So what is Inter worth? Andrea Sartori, founder of data and analytics platform Football Benchmark, this year estimated that Inter’s enterprise value, including debt, was about €996mn. In a takeover, he says the club could command somewhere in the region of the €1.2bn valuation commanded by AC Milan. For what it’s worth, Football Benchmark had put an EV of €578mn on AC before the sale, partly because its revenues are lower than Inter’s.

There are some caveats, however, notably that interest rates have moved upwards since US hedge fund Elliott Management sold AC Milan to RedBird this year.
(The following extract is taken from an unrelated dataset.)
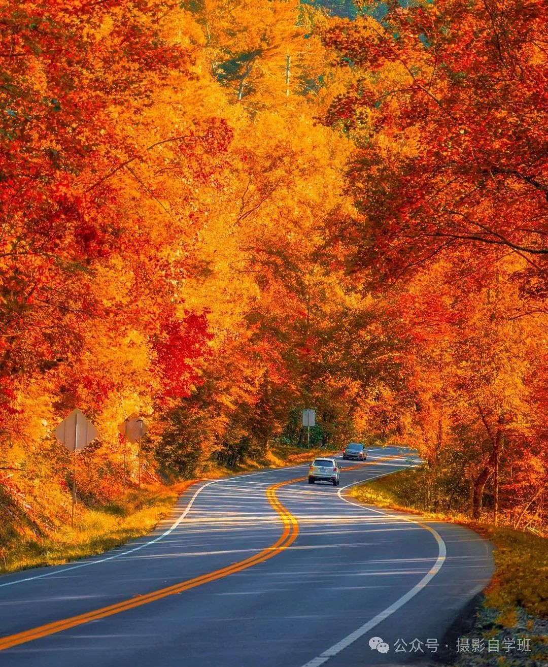 秋天的森林,树叶五彩斑斓,橙色与红色的树叶把照片氛围感拉满。拍摄时,将手机置于车辆行驶的前方,安全稳定地停在路边,在路边,利用道路的延伸感引导视线,同时捕捉树叶的鲜艳色彩与蓝天的宁静。通过调整手机的曝光和白平衡,使色彩更加鲜明,让照片充满秋日的热烈与活力。安全第一。

Inter is an early test of investor appetite for football clubs in the post-zero interest rate environment. In the words of one debt banker, “the cost of capital is really high and you can buy liquid assets at a discount and make a far better return, so why stick your money in a football club”.

Football clubs are pretty illiquid compared with blue-chip stocks that can be sold immediately for cash. But investors are also betting that long-term broadcast deals and loyal fans will help them weather recession more effectively than large swaths of the economy.

And, Sartori points out, Inter and AC Milan could both benefit as the timeline for their new shared stadium becomes clearer.

There would be added upside from potential structural changes to the landscape of European football that could result in steadier income streams and lower costs for elite clubs that have long paid enormous salaries to players in search of trophies.

That’s why much hinges on the planned relaunch of the European Super League, a breakaway competition that wants to put financial sustainability at the centre of the sport. If that goes the way of big clubs, there could be hidden value to a team of Inter’s pedigree.

So despite the cost of borrowing, there are reasons to be optimistic.

The Qatar World Cup is nearly upon us. Fifa and the tournament’s Qatari organisers held a joint press conference this week in Doha to mark the one-month countdown. During the lengthy session, the audience was regaled with all the snazzy facilities and exciting goings-on throughout the four-week festival of football – including live performances from top DJs at regular all-night raves in the desert. 

No matter how much those behind the tournament want to talk about the actual football and its adjacent (and extravagant) imported carnival, international media attention remains focused on two issues: worker rights and civil liberties.

For World Cup sponsors, you might think this presents a challenge. They too would surely much rather be in celebration mode. Instead they’ve had years of very public lobbying from NGOs asking them to put pressure on the organisers to make changes. 

But big brand sponsors know how to take the rough with the smooth – these are long-term commitments after all. Coca-Cola, for example, has been a World Cup sponsor since 1978. Adidas is locked in until at least 2030. 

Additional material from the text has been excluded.